Safety Law News for September 14, 2021

— In Maryland, the Court of Special Appeals of Maryland  upheld the search of a student’s backpack, upholding his conviction for conspiracy to commit robbery and for wearing and carrying a handgun.  The search occurred when a school resource officer responded to a fight at the school involving several students.  A backpack strapped to one of the students fell to the ground.  The student ran off.  The officer picked up the bag and noticed that the “bag had a decent amount of weight to it.” The officer opened the bag, discovering a firearm, a cell phone and a school ID.  The court held that the search of the backpack was reasonable because the student abandoned it.  “When a defendant intentionally abandons his right in or to property or a specific area, the constitutional protection against unreasonable searches and seizures does not apply.”  Richardson v. State

— In New Jersey, official in the Morris Plains School District are collaborating with the Morris County Sheriff, the Chatham Borough Police Department, and the Washington Township Police Department to retrain their school resource officers.  The School Resource Officer (SRO) Tactical Emergency Casualty Care Program will emphasize tactics and lifesaving medical interventions that may be required during an active shooter incident or similar acts of violence at a school. 

— In North Carolina, the New Hanover County School Board unanimously approved a new parental notification policy when students are in trouble on campus.  Under the new guidelines, parents must be contacted before police and school administrators interrogate a student on a matter.  The interagency agreement with the police department contains the new language.

— In Indiana, the General Assembly has approved a proposal by the Indiana Secured School Safety Board to provide more than $19 million in state grants for school safety.  The program issues matching grants for school resource officers and law enforcement officers in schools, active event warning systems, firearms training for teachers and staff, threat assessments and other safety technology and support services.
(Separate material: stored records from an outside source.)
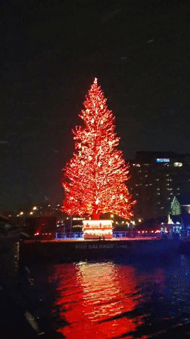 Every evening from 01–25 December, a large fir Christmas tree covered with 50,000 lights is set up on a floating platform and dazzles the Hakodate Bay Area. This is the Hakodate Christmas Fantasy (函館クリスマスファンタジー Hakodate kurisimasu fantajī). Every 15 minutes or so, the illumination colours change, providing a different atmosphere. On some days fireworks are set off, and with stage performances to liven up the atmosphere. I visited on Christmas Day, and as luck would have it, it was snowing.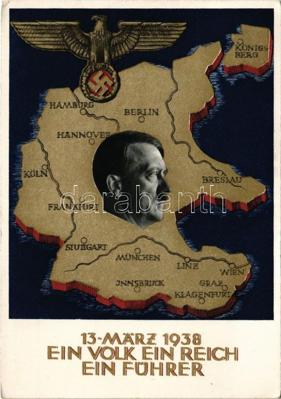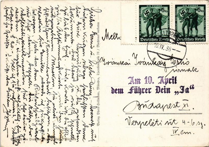 1938 Ein Volk, ein Reich, ein Führer! / Adolf Hitler, NSDAP German Nazi Party propaganda, map, swastika s: Professor Richard Klein + "Am 10. April dem Führer dein "Ja"" So. Stpl. (EK)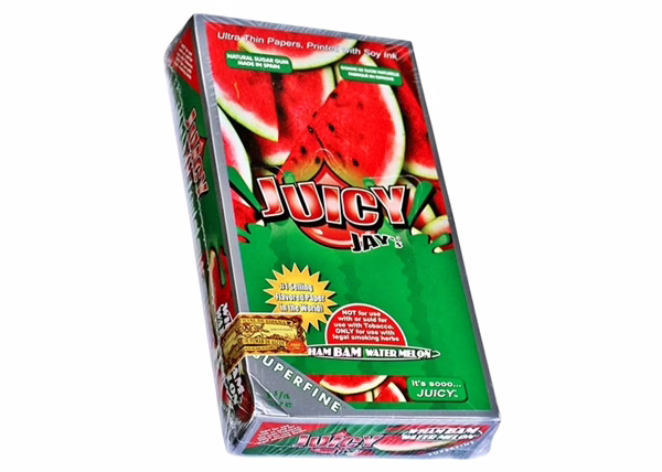 Juicy Jays Rolling Paper – Ultra Thin 1 1/4 Wham Bam Water Melon. 24 Packs Per Box With 32 Leaves Per Pack.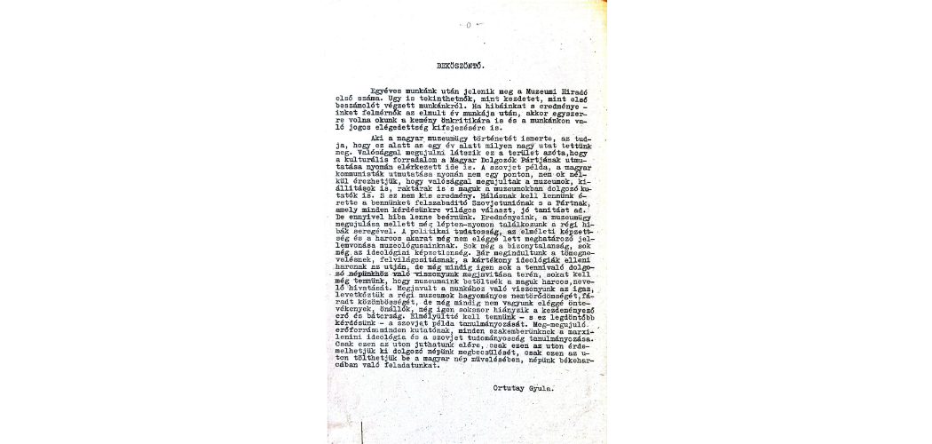 Az előzőre egyértelmű példákat találunk az első évfolyam első számában Beköszöntőt jegyző Ortutaytól vagy – később és több ízben is, a vele rivális – Pogány Ödön Gábortól: „Eredményeink, a múzeumügy megújulása mellett még lépten-nyomon találkozunk a régi hibák seregével. A politikai tudatosság az elméleti képzettség és a harcos akarat még nem eléggé lett meghatározó jellemvonása muzeológusainknak, sok még a bizonytalanság, sok még az ideológiai képzetlenség.” Vagy: „A múzeumok dolgozóit el kell töltse a nép határtalan szeretete. Ezek szakmai hűségét, hivatásérzetét át kell fűtse a szocialista hazafiság érzése az egész nemzet ügyért való munkálkodás felelőssége. Tudományos feladatainkhoz való szocialista viszonyunk kialakításával igyekezzünk méltóvá lenni szocializmust építő dolgozó népünkhöz, amit Nagy Pártunk második kongresszusa anyagának beható tanulmányozásával is továbbfejleszthetünk. Vigyük harcba a múzeumokban összegyűjtött nagy nemzeti értékeket a szocializmus győzelméért.”

Safety Law News for September 7, 2021

— In Pennsylvania, the United States District Court upheld the authority of school officials to discipline a student whose off-campus posts on the Internet threatened to “show up at practice to beat yo ass bitch,” to “grab a fucking bottle and bash that shit on your face till I see your brain bitch,” to “send you bitch ass to the father,” and that were followed by the posting of a photograph of the student with a gun.  The court held that the recent U.S. Supreme Court case of Mahanoy Area School District v. B.L., which protected a student’s off-campus speech from school discipline did not apply because here the speech of the student was “not merely profane, but they were actual threats.”  The court concluded that, “it does not matter whether (severe bullying or harassment) occur on-campus or off-campus. They are simply not protected by the First Amendment and fall squarely within the authority of schools to regulate and to impose appropriate discipline.” A.F. v. Ambridge Area School District

— Nationally, data show that when students and schools need nurses many schools have no nurses at all.  In light of the COVID-19 pandemic, it is recommended that schools have one full-time nurse for every 750 students.   Data show that 39% of schools employ full-time nurses and about 35% employ part-time school nurses, while 25% do not employ school nurses.
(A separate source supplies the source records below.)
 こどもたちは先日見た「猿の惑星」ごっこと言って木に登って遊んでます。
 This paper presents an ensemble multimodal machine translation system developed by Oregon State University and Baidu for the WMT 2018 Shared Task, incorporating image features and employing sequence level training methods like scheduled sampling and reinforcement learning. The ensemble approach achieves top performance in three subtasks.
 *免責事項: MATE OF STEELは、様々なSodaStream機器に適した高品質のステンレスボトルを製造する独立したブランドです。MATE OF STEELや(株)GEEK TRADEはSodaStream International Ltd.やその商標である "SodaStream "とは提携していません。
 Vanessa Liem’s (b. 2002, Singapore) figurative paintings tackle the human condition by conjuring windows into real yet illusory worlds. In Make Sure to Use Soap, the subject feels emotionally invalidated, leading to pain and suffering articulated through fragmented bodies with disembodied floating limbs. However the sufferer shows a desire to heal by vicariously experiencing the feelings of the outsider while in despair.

— In Kentucky, Bill Request 440 has been introduced in the legislature to make resource officers mandatory for Kentucky schools.  The proposal would amend KRS 158.4414 to require the assignment of school resource officers to schools by August 1, 2022, removing a clause in the law that exempts school districts from having an SRO if they can’t afford it.
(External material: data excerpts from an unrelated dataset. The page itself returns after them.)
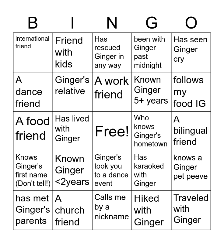 This bingo card has a free space and 24 words: Known Ginger <2years, A church friend, A work friend, has met Ginger's parents, Has seen Ginger cry, international friend, A dance friend, Friend with kids, Who knows Ginger's hometown, Ginger's took you to a dance event, Known Ginger 5+ years, A food friend, Has karaoked with Ginger, knows a Ginger pet peeve, Ginger's relative, Hiked with Ginger, A bilingual friend, Has rescued Ginger in any way, follows my food IG, Has lived with Ginger, Traveled with Ginger, Knows Ginger's first name (Don't tell!), been with Ginger past midnight and Calls me by a nickname.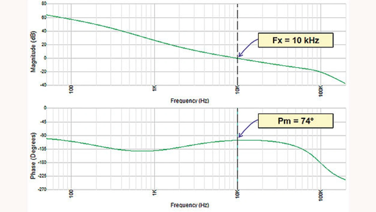 Bild 3 zeigt das Bode-Diagramm des PCMR-Tiefsetzstellers. Bei niedrigen Frequenzen ist die DC-Verstärkung ersichtlich. Es existiert eine niederfrequente reale Polstelle, eine ESR-Nullstelle und ein komplex konjugiertes Polstellenpaar bei halber Schaltfrequenz. Dieser Kurvenverlauf ist für alle hart schaltenden Eintaktflusswandler ähnlich. Zwar unterscheiden sich die niederfrequente Polstelle und die ESR-Nullstelle der Regelstrecke, das komplex konjugierte Polstellenpaar wird jedoch immer bei der halben Schaltfrequenz zu finden sein.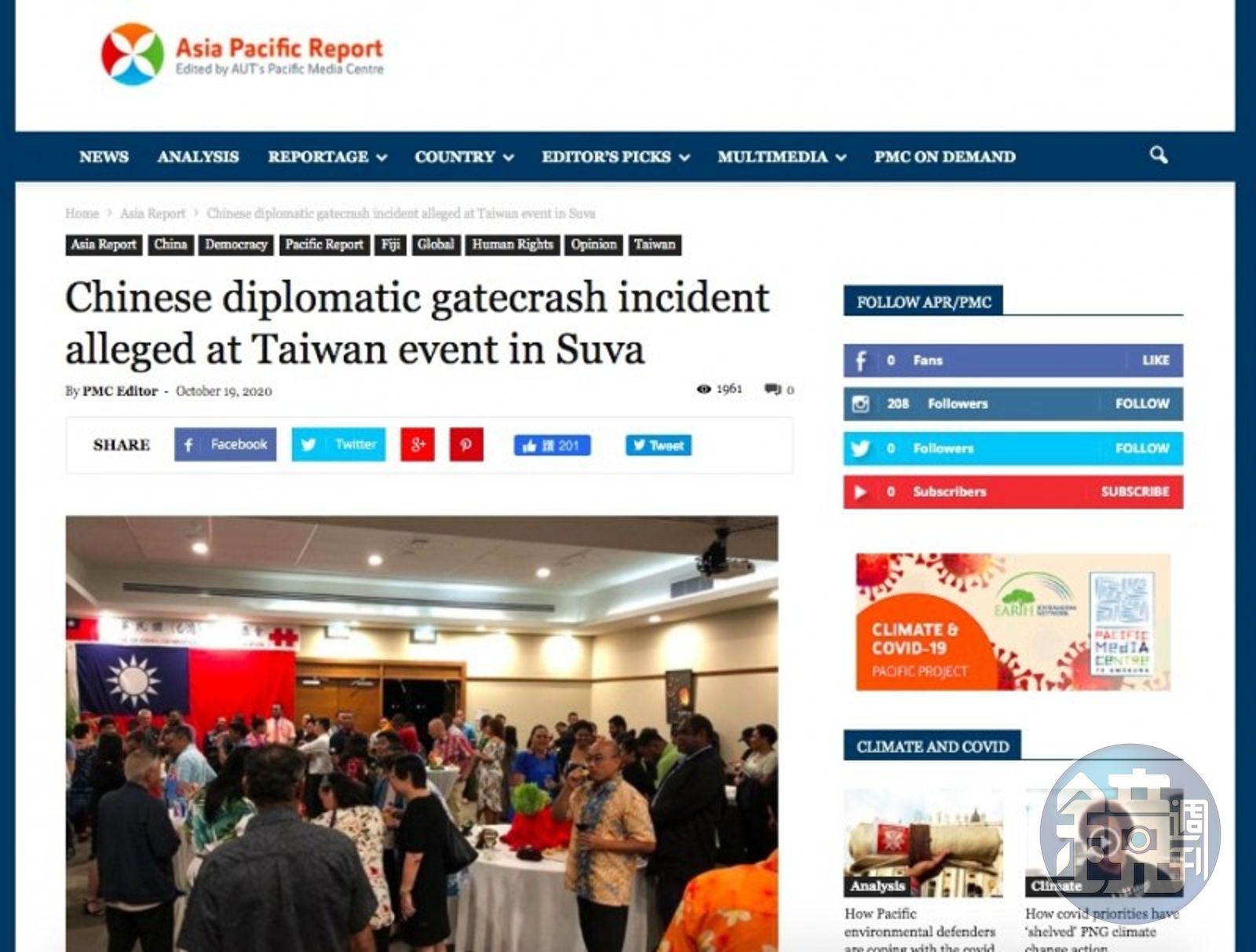 根據《亞太報告》報導指出,我國駐斐濟代表處10月8日晚間於太平洋大酒店舉辦國慶晚宴,會中突然有2名中國外交人員闖入,並且拍照記錄現場與會的外交使團、國際組織、非政府組織和斐濟華人社區成員。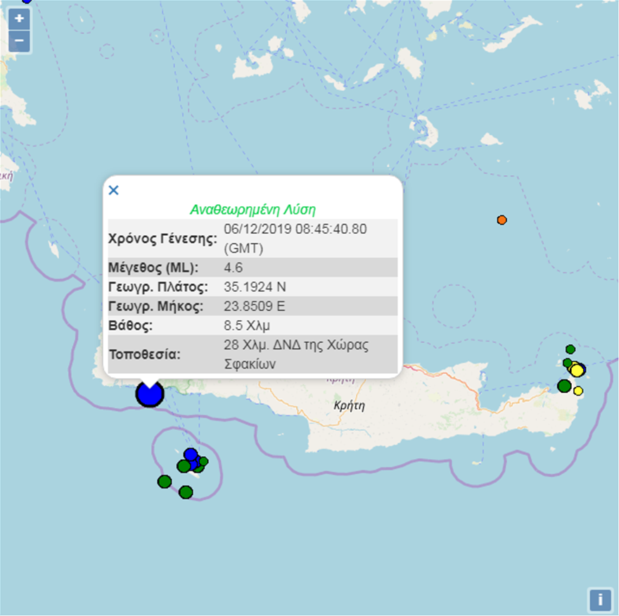 Η σεισμική δόνηση έγινε ιδιαίτερα αισθητή στοn νομό Χανίων αλλά και σε άλλες περιοχές του νησιού και είχε εστιακό βάθος 8,5 χιλιόμετρα.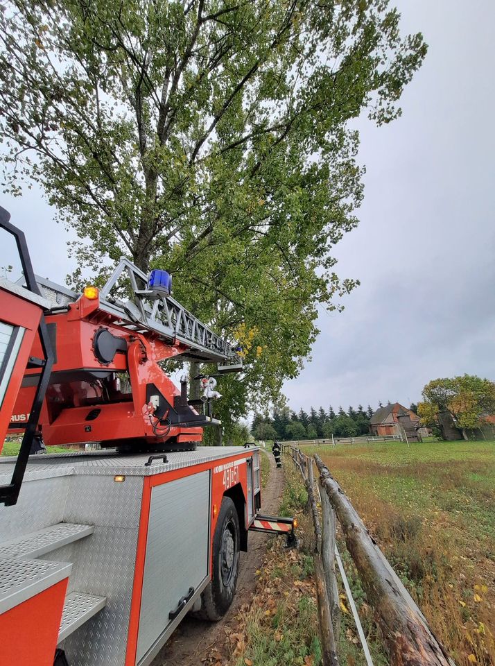 Chociaż akcje straży pożarnej głownie kojarzone są z pożarami i wypadkami komunikacyjnymi, to w dniu wczorajszym strażacy udowodnili, że niosą pomoc nawet zwierzętom. Tak było w Krzeczynie Wielkim, gdzie poza miejscową jednostką OSP do pomocy została skierowana drabina.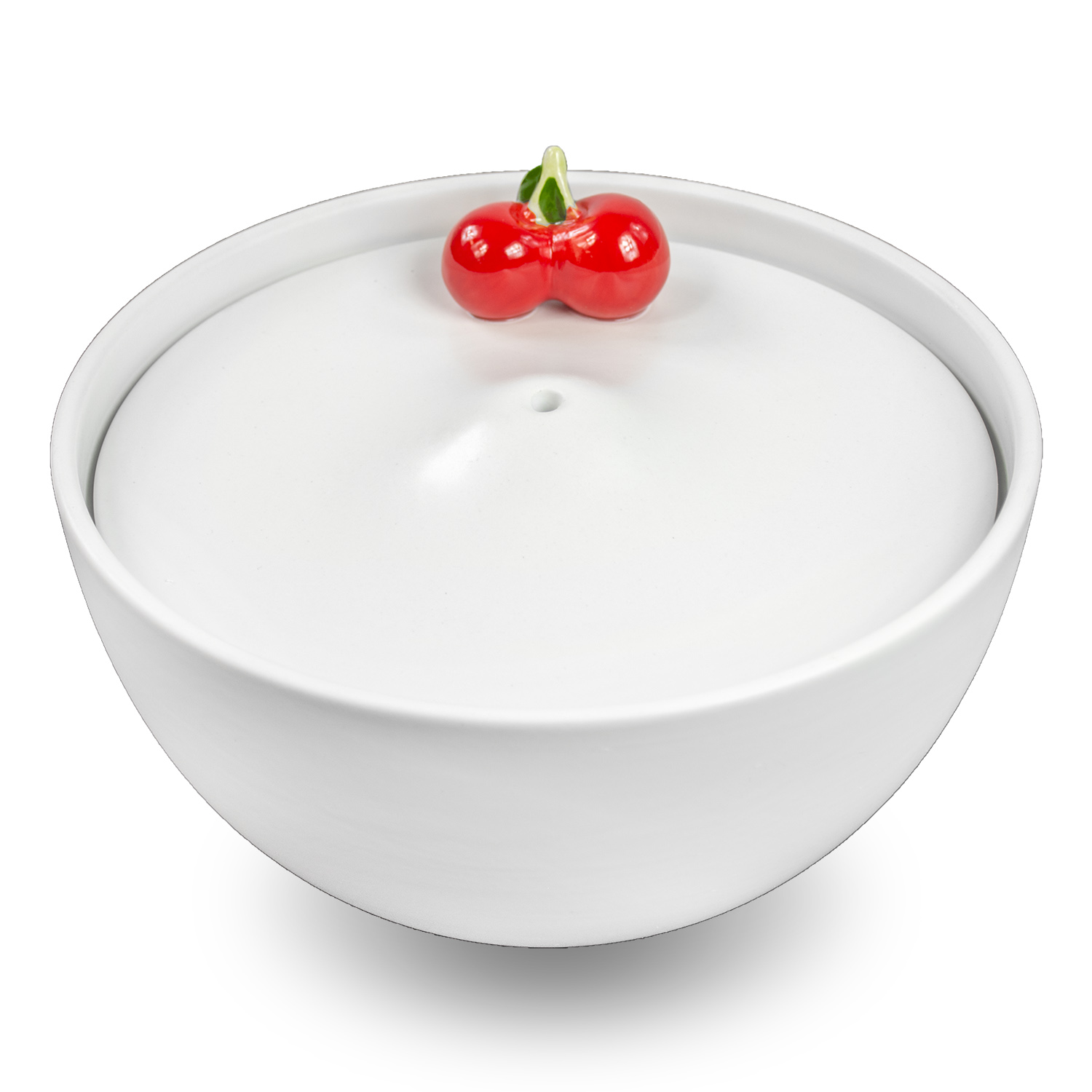 Napajalka je izdelana iz bele, trpežne keramike z gladko površino , ki notranjosti doda eleganco. Nežen češnjev poudarek na vrhu naredi to več kot le navaden pripomoček – je prava dekoracija! Postavite ga v kuhinjo, dnevno sobo ali spalnico in postal bo ne le funkcionalen, temveč tudi dekorativen element vašega doma.

— In Iowa, the Des Moines Public Schools are implementing a Restoration Justice School Safety program to replace school resource officers. Restoration Facilitators will work in the schools, helping students solve problems by giving them alternate ways to handle a situation before things get out of hand.  The schools will call Des Moines police for campus misconduct that violates the law and will deploy off-duty police at school-sponsored events.